After putting the Lonrho ordeal behind him, Ogilvy moved on to become a director of Sotheby’s. He also devoted himself to his charitable causes and supported Princess Alexandra in her duties. Angus was, in royal tradition, a patron of many organizations including the Imperial Cancer Research Fund, Youth Clubs UK, and chairman of the advisory council of The Prince’s Trust.
In 1989 Angus was created a Knight Commander of the Royal Victorian Order for his work. He was then known as Sir Angus Ogilvy, KCVO and Alexandra became the Honorable Lady Ogilvy. In 1997 Her Majesty’s government appointed Angus to the Privy Council, which reinforced that his dignified services to the Crown were indispensable.
As time went on, Angus’ health began to fail. He had fallen prey to the effects of smoking, which had claimed the lives of many royals before him. In January 2002, it was announced that Ogilvy had cancer of the esophagus. The public realized how serious it was when he canceled all of his public engagements. Angus could not even accompany Alexandra to Princess Margaret’s funeral the next month.
The following year Ogilvy suffered a heart attack. It weakened him greatly, but he made a tremendous effort to participate in the Queen’s Golden Jubilee celebrations that summer. Thin and tired, the brave Scot smiled and waved to the crowds.
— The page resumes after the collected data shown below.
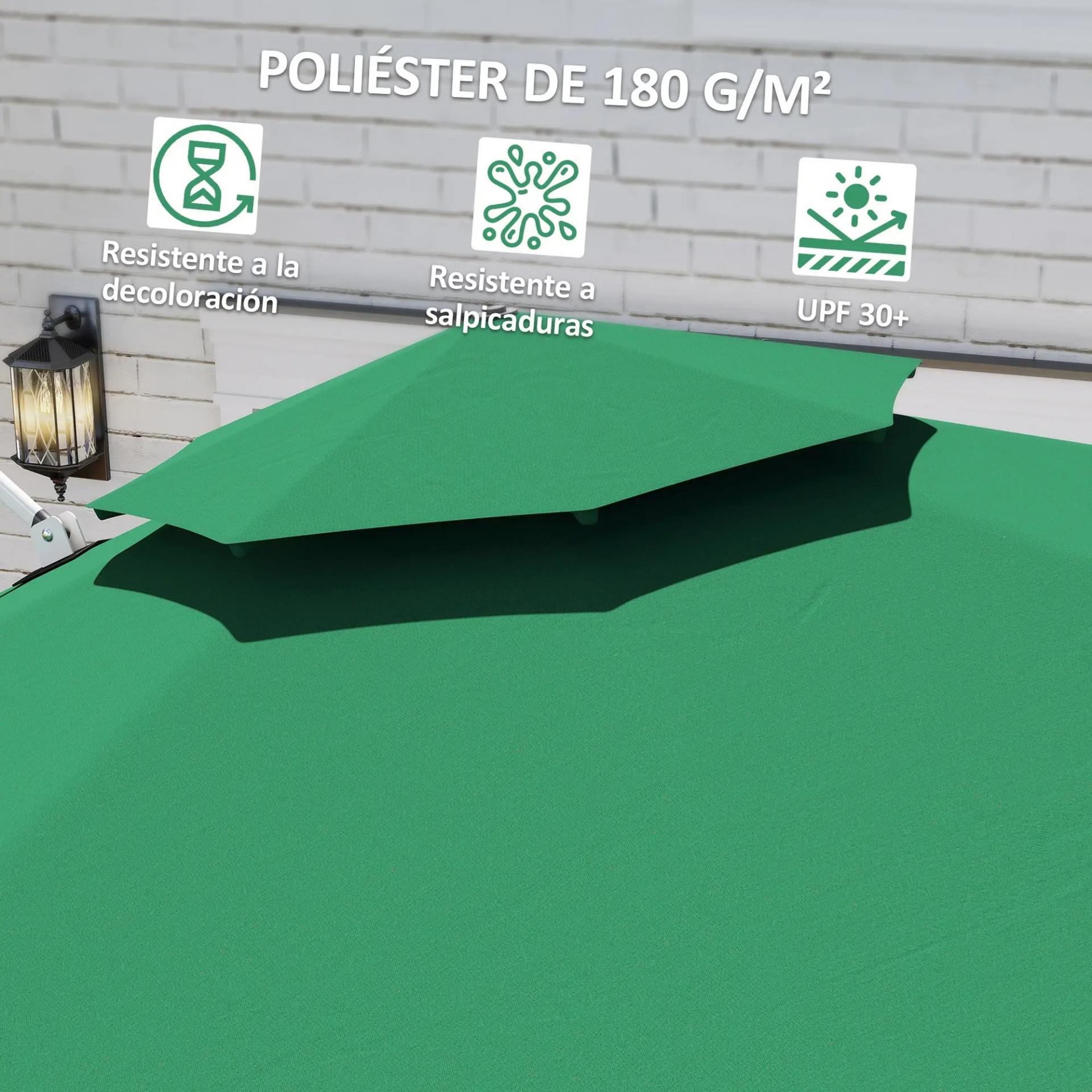 Parasol Excéntrico Ø292 cm con Manivela Giro 360° Inclinación Ajustable Doble Techo y Base Cruzada Verde Oscuro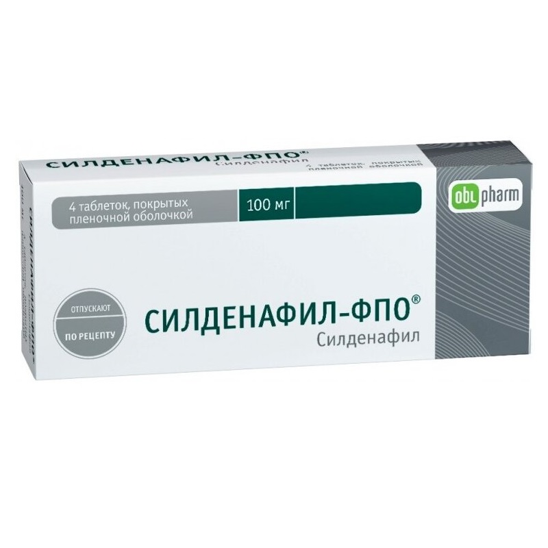 Силденафил-ФПО таблетки покрытые пленочной оболочкой упаковка контурная 100 мг 4 шт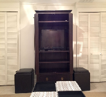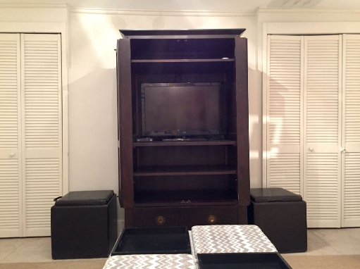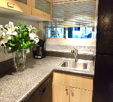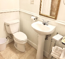 The comfortable living area is just steps away from the bedroom and includes a small dining area. The sofa converts to a queen bed. Free Wifi and Direct TV are included for all guests!
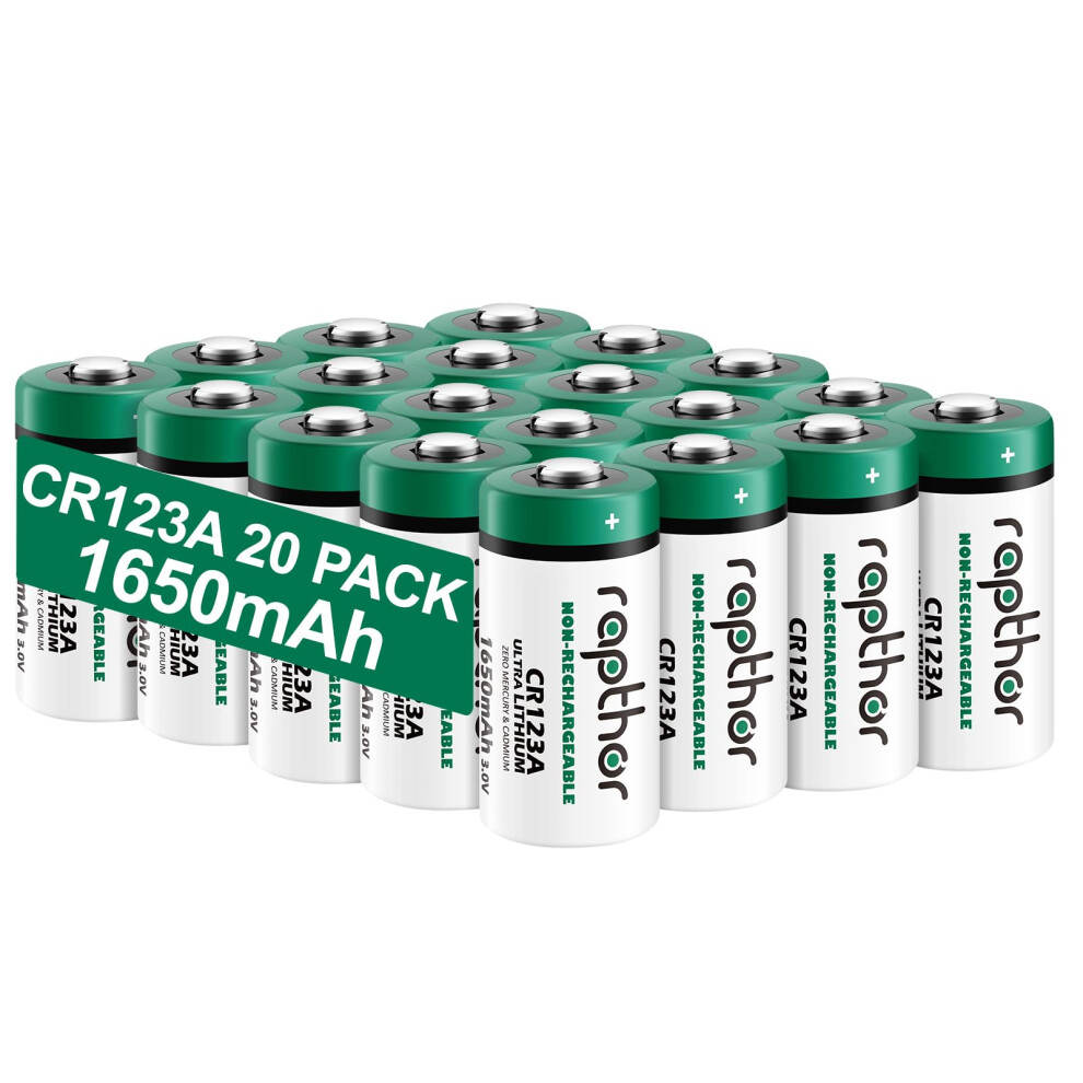 Rapthor 1650mAh CR123A 3V Lithium Battery CR123 123A CR17345 High Power Lithium Batteries with Built-in PTC for Flashlight Cameras Toys Alarm System Microphones (20Pack)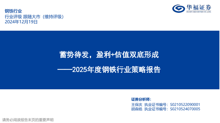 【华福证券】【20241219】2025年度钢铁行业策略报告:蓄势待发,盈利+估值双底形成-53页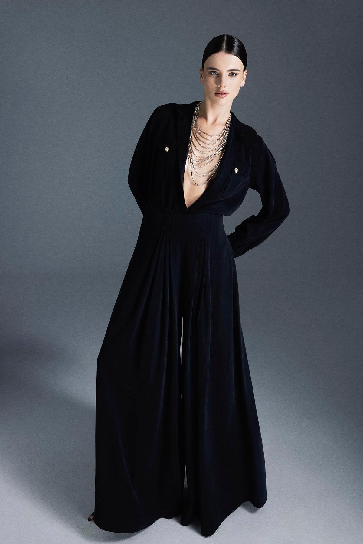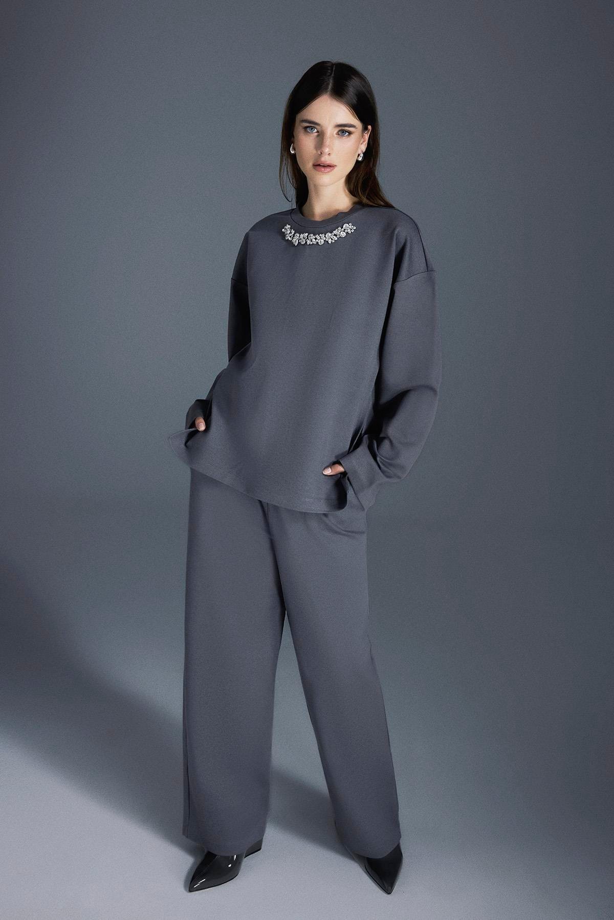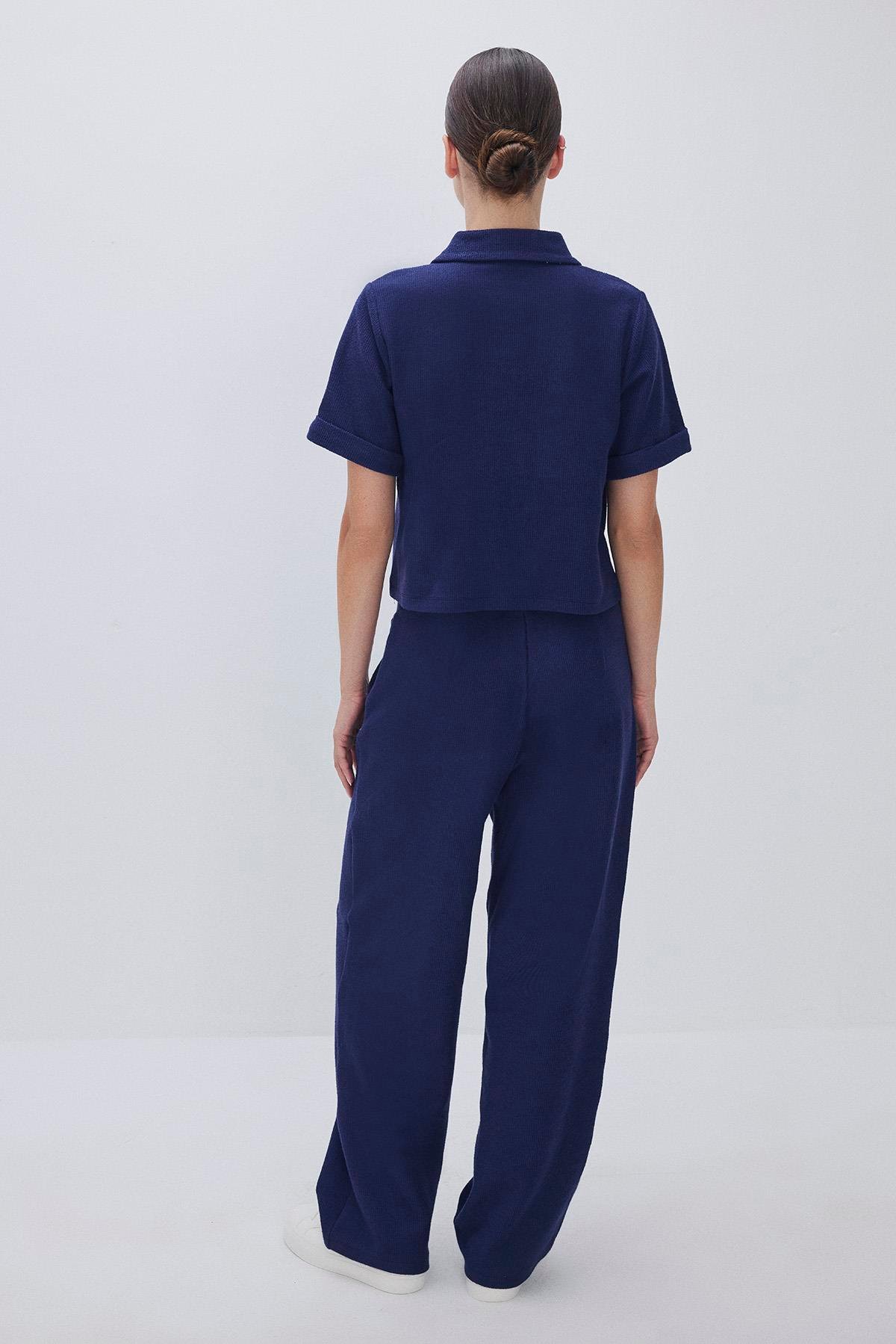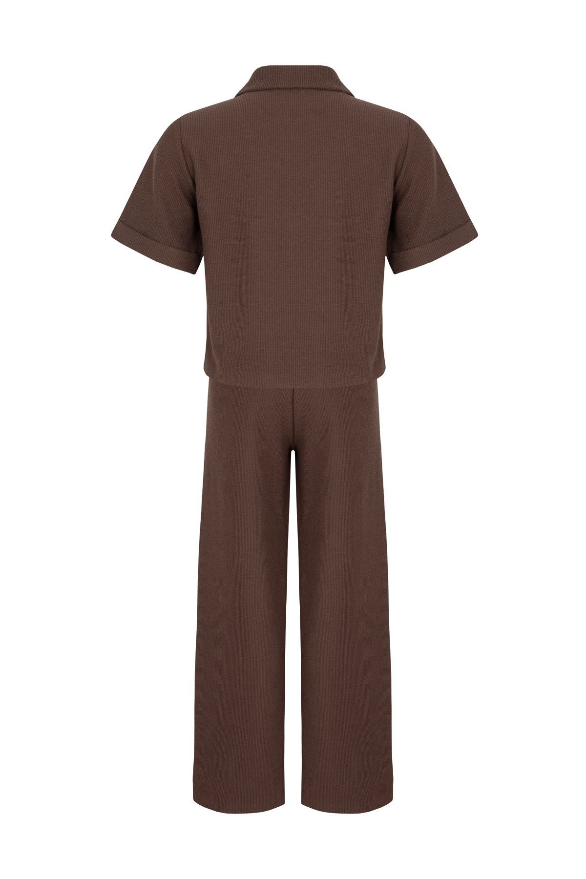 Combining comfort and style, this set includes a short-sleeve zip-up sweatshirt and wide-leg pants for all-day ease.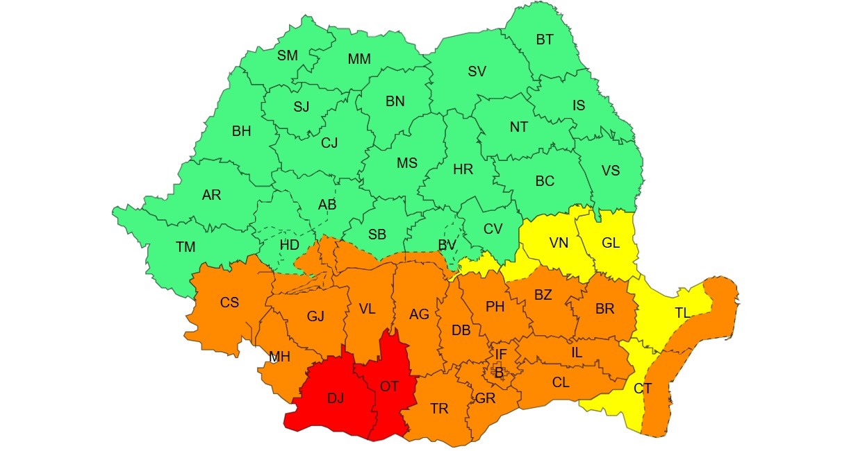 Administrația Națională de Meteorologie (ANM) a emis, joi, o avertizare Cod roșu de ploi abundente, valabilă din această seară până vineri seara în județele Dolj și Olt. Potrivit ANM, în intervalul 2 octombrie, ora 18:00 - 3 octombrie, ora 21:00, în județele avertizate (harta), va ploua abundent și se vor acumula cantități de apă de 100 - 110 l/mp.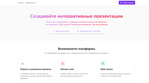 Что это за сервис: интерактивная платформа для живых опросов, голосований, облаков слов, веб-сессий; можно подключать аудиторию в режиме реального времени.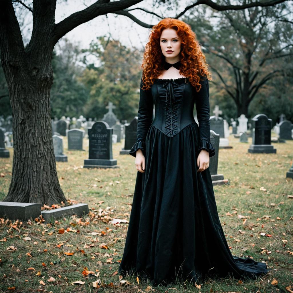 Female tombstone costume ,1girl, solo, long hair, dress, tombstone, graveyard, looking at viewer, outdoors, tree, realistic, black dress, red hair, curly hair, standing, closed mouth, long sleeves, orange hair

Sadly, Angus succumbed to his illness on Boxing Day 2004. The Royal Family gathered at St. George’s Chapel that January to pay tribute. His coffin, draped in a Union flag, was carried into St George’s Chapel by members of the Scots Guards, Sir Angus’ former regiment.
Though the lives of the Ogilvys are entwined with royalty, they have always been a normal family that went through many of the typical pains that families do. The love between Alexandra and Angus, and between them and their children, proved the test of time and trial.